The Normans pass Teletown on their way to Las Vegas, spying a strange and enigmatic gathering of people who own televisions but, believe it or not, do not watch them. Mr. Norman turned around for this place but digital entertainment in Sin City was a stronger force. 

 

 

 

Highlighting the unnatural premise is the fact that actual bear/shark confrontation does not feature a real, live bear slicing into a flesh-and-fin shark. The two are the products of computers, put together to appear ""convincingly fake."" As the Normans watch the beasts tear into each other, they stare, like they have for so long, at something they do not really believe but are entertained by. That entertainment, which they see as a right, is just enough to satisfy them. 

 

 

 

Giving himself over to satire, Bachelder falls into the trap of the genre; he walks too close to his subject and turns ""Bear v.
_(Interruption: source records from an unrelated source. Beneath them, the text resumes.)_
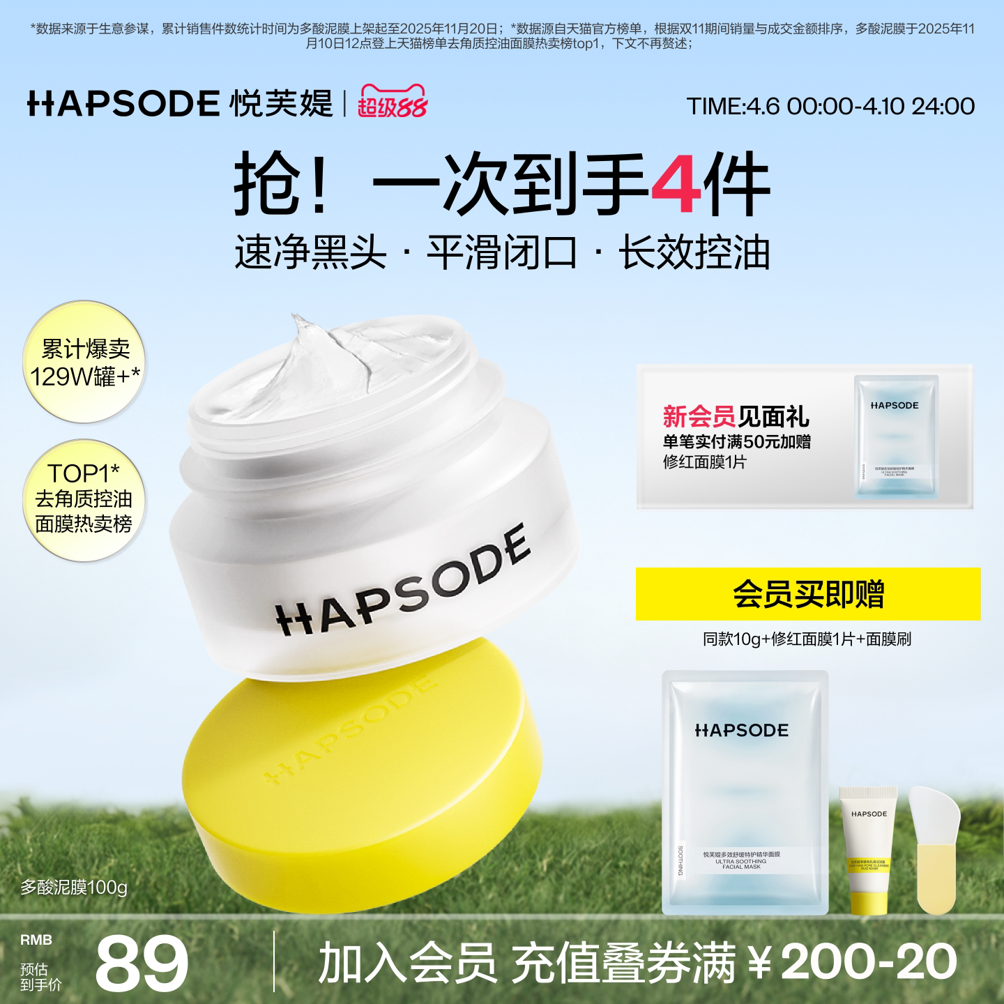 悦芙媞多酸清洁泥膜深层清洁油皮面部去黑白头收缩毛孔白泥面膜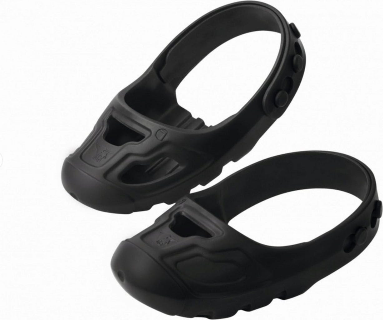 Vooral tijdens snelle ritjes op een harde ondergrond of bij krachtige remmanoeuvres hebben de neuzen van kinderschoenen het zwaar te verduren. Met deze praktische schoenbeschermers van robuust kunststof worden kinderschoenen betrouwbaar beschermd tegen slijtage, zodat niets een onbezorgde rit in de weg staat.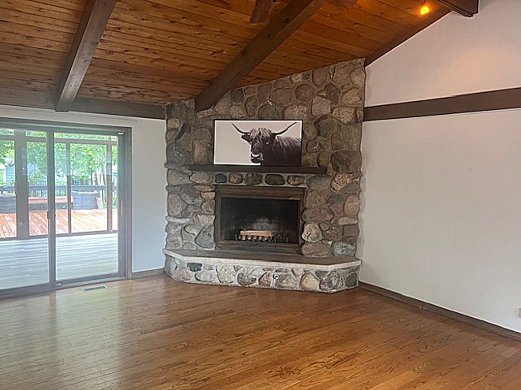 REDUCED $50,000!!! Renovated in 2020. 2 story foyer open to huge vaulted great room with wood ceiling and hardwood floor. This gorgeous space is ready for entertaining! Huge kitchen with generous cabinet space, center island, and beautiful granite countertops. The eating area has glass on 2 sides with door to the tiered sundeck. First floor master suite has doors leading right to the pool for your morning swim. The master bath has a whirlpool tub and separate shower. Vacation at home with your own swimming pool on this large lot. The large vaulted sunroom is walls of glass, skylights, ceiling fan and door to the tiered deck. The finished basement adds plenty of space for a den with fireplace, rec room with party-size bar, bathroom and a separate office. The pool, sunroom and decks are accessible by multiple rooms in the home., Cozy up to the stone fireplace in the vaulted family room with an evening around the fire. Remodeled bathrooms. Neutral throughout, Private property with open vistas. Home to be sold 'AS IS'.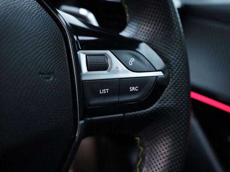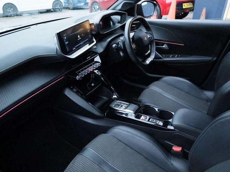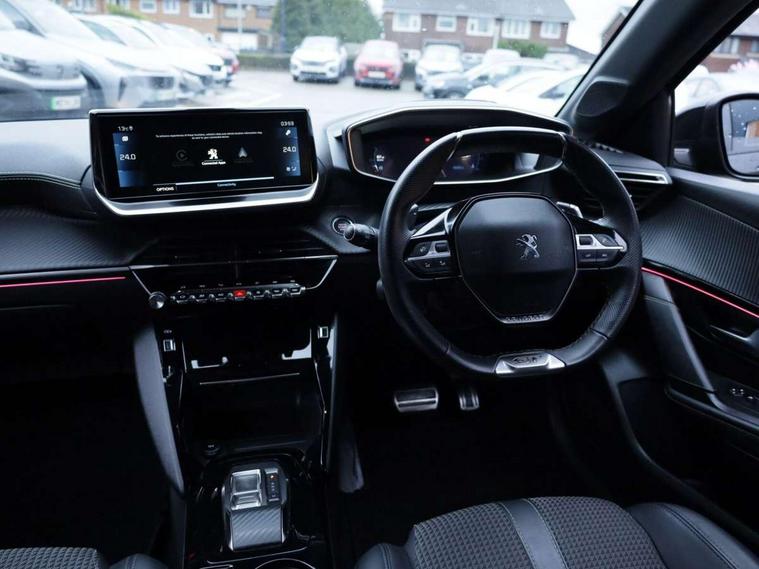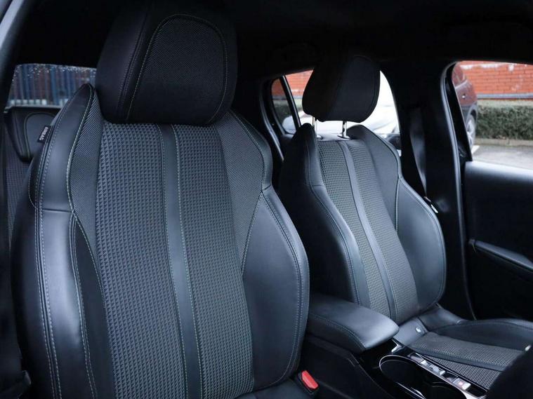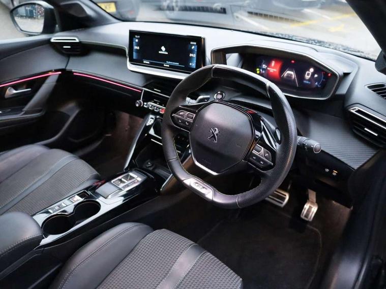 Carbon effect Dashboard, front and rear door panel finish, 17" Camden diamond cut two tone alloy wheels, Space saver spare wheel, Acoustic vehicle alert system (AVAS), Automatic door locking when moving off, Automatic hazard light activation upon heavy brake application, Deadlock, Electronic code immobiliser, Remote central locking, Thatcham cat. 1 alarm with anti lift sensor, 2 front USB socket with USB-C, 2x USB sockets in rear, 6 speakers radio with mp3 compatible, DAB Digital radio, Voice recognition for radio, navigation and telephony features, 3 rear 3 point seatbelts, ABS (Anti-lock Braking System) with EBD (Electronic Braking Distribution) and EBA (Emergency Braking Assistance), Active safety brake with night function/cyclists/pedestrians, Adaptive driver and front passenger airbags with passenger airbag deactivation function, Child locking functionality on rear doors, Driver/front passenger side airbags, Electric parking brake, ESP with Hill Assist, Front and rear curtain airbags, Front and rear disc brakes, Front optimised safety headrests and 3 x rear retractable headrests with height adjustable, Front three point retractable seatbelts with force limiters, Tyre pressure sensor, 2 X Rear number plate lights, Automatic lights, Automatic windscreen wipers, Body coloured exterior door handles, Dark tinted Rear side and tailgate windows, Diamond Black roof, Electric front windows + one touch + anti-pinch, Electric rear windows with one touch/anti-pinch, Electrically adjustable, heated and power folding door mirrors, Extended diamond black rear spoiler, Follow me home headlights, Frameless electrochrome interior rear view mirror, Full LED headlights with smartbeam assist, Gloss black finish on B pillar, Gloss black rear cluster connecting strip, Gloss black wheel arch extensions, Gloss black window surround, GT model designation badging on C pillar, GT model designation badging on tailgate, Headlights left on audible warning, LED daytime running lights with 3 claw headlight with distinctive tooth design, LED side indicator lights integrated into door mirrors, LED third brake light, Model designation badges front and rear, Nera black door mirror shells, Peugeot scuff plates, Radiator grille - Dark chrome chequered and gloss black edge trim, Rear bumper with gloss black finish, Rear full LED 3D peugeot signature claw effect lights with daylight function, Rear lower bumper diffuser effect trim in gloss black, Rear reversing lights, Rear side wing doors, Rear windscreen wiper triggered automatically in reverse gear, Roof mounted aerial with fin design, Roof spoiler, Tailgate with heated rear windscreen and wiper blade, Twin chrome exhaust tailpipes, Variable front intermittent wipers, 1/3 to 2/3 split folding rear seats, 12V socket, 3 seat bench in 2nd row, 8 Colour personalisable ambient lighting, Aluminium pedals and foot rest, Automatic air conditioning, Automatic gear lever in full grain leather and satin chrome, Driver and front passenger seat manual adjustment in longitudinal and back rest angle, Driver and front passenger seat mechanical height adjustment, Driver and front passenger sport seats, Electric power steering with reach and rake adjustable steering column, Front and rear carpet mats in black with lime green stitch detail, Front centre armrest with storage compartment, Front LED interior light with 2 reading spotlights and rear interior light with timer, High centre console with 2 cup holders, ISOFIX child seat mounting points on passenger seat, Lime green contrast stitching to armrest, front centre console, door panels and dashboard facia, Map pockets on the backs of the front seats, Mistral full grain perforated leather steering wheel with aikinite stitch detail and satin chrome 'GT' emblem, Paddle shifts, Piano keys gloss black plated toggle switches to access main functions of the vehicle, Piano keys gloss black plated toggle switches to access touchscreen functions, Push button finished in black with chrome circle, Rear centre headrest, Roof lining - Mistral black, Seatbelt unfastened on the move audible and visual alert for front and rear seats, Single front passenger seat, 10" Capacitive colour touchscreen with connected 3D navigation, Blind spot monitoring, Bluetooth telephone facility, Driver attention warning, e-Toggle driving selector, Exterior temperature indicator with ice warning, Mirror screen with mirror link, apple carplay and android auto, Multi function trip computer, Peugeot connect SOS and assistance, PEUGEOT i-Cockpit with compact steering wheel, PEUGEOT i-Cockpit with configurable 3D headup instrument panel, Push button start, Smart phone docking station, Speed limit recognition and recommendation, Start/stop system, Visio park assist 180 with colour reversing camera + front and rear parking sensor,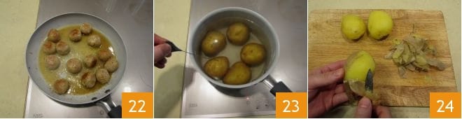 y cocina a fuego lento durante otros 3-4 minutos hasta que la salsa se haya espesado 22. Apaga, mantén las albóndigas calientes y mientras tanto prepara la guarnición de patatas. Lávalas bajo abundante agua fría corriente, luego hiérvelas con la piel durante 30 minutos 23. Posteriormente, pélalas 24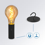 Experience the convenience of the Edy A100 wireless portable vintage bulb by Newgarden. Say goodbye to complicated installations - simply hang it or bring it close to a metallic surface, and its magnetized base will securely adhere. With its LED filament of remarkable luminosity and a plastic coating that mimics smoked glass, this bulb offers both style and durability.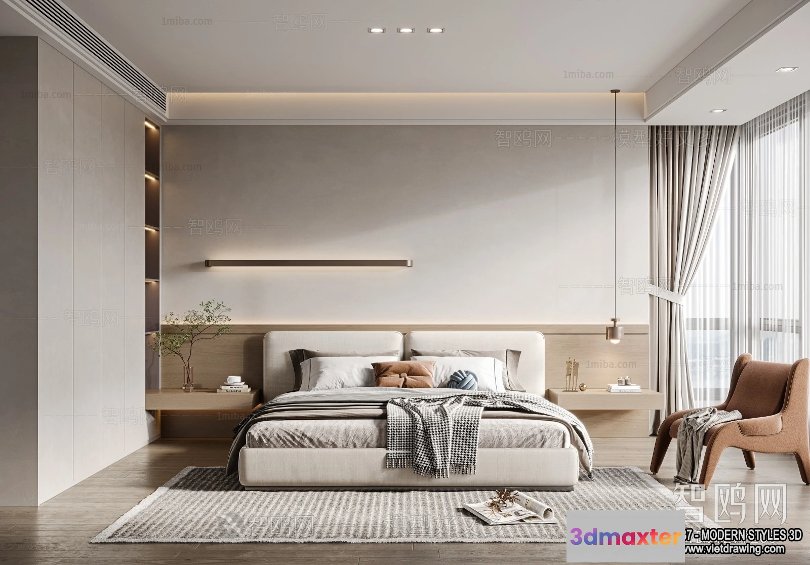 3D Models / 3D Scenes / Interior / Bedroom / Bedroom – Modern Style Interior 3D Scenes – 103 3D Max
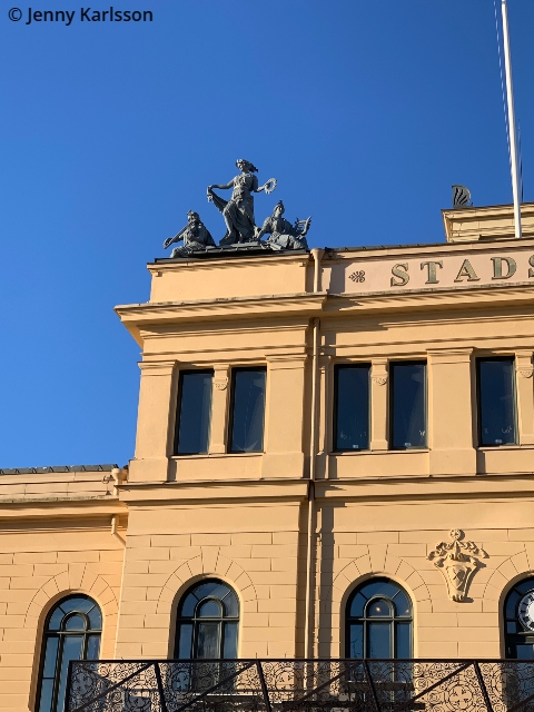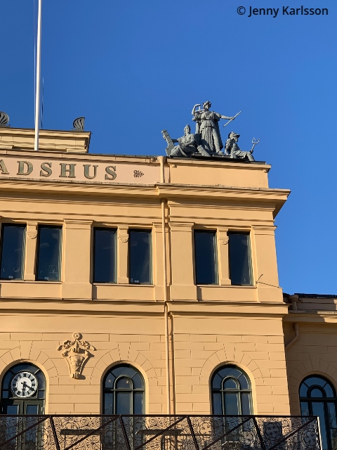 Utvändigt accentuerades storslagenheten i byggnaden med genom att de två skulpturgrupperna av C J Dyfverman, som kröner de bägge mittrisaliterna, beställda av Bugge 1890. Mot söder skapades en pendang till huvudfasaden, där mittpartiets uppbyggnad med stadshussalongens stora galafönster livar upp byggnadens byggnadens baksida.

Shark"" into a spectacle itself. Reading the book keeps pages turning and the plot passing with a momentary digression to slow the pace. Reading becomes a visceral act that passes quickly and is forgotten just in time for the next big event, the next attention-grabbing bit of gruesomeness. While shooting down a culture of wired lifestyles and hectic living, Bachelder hits himself in the foot. This ironic mistake only proves how well the book works-satire even lampoons itself.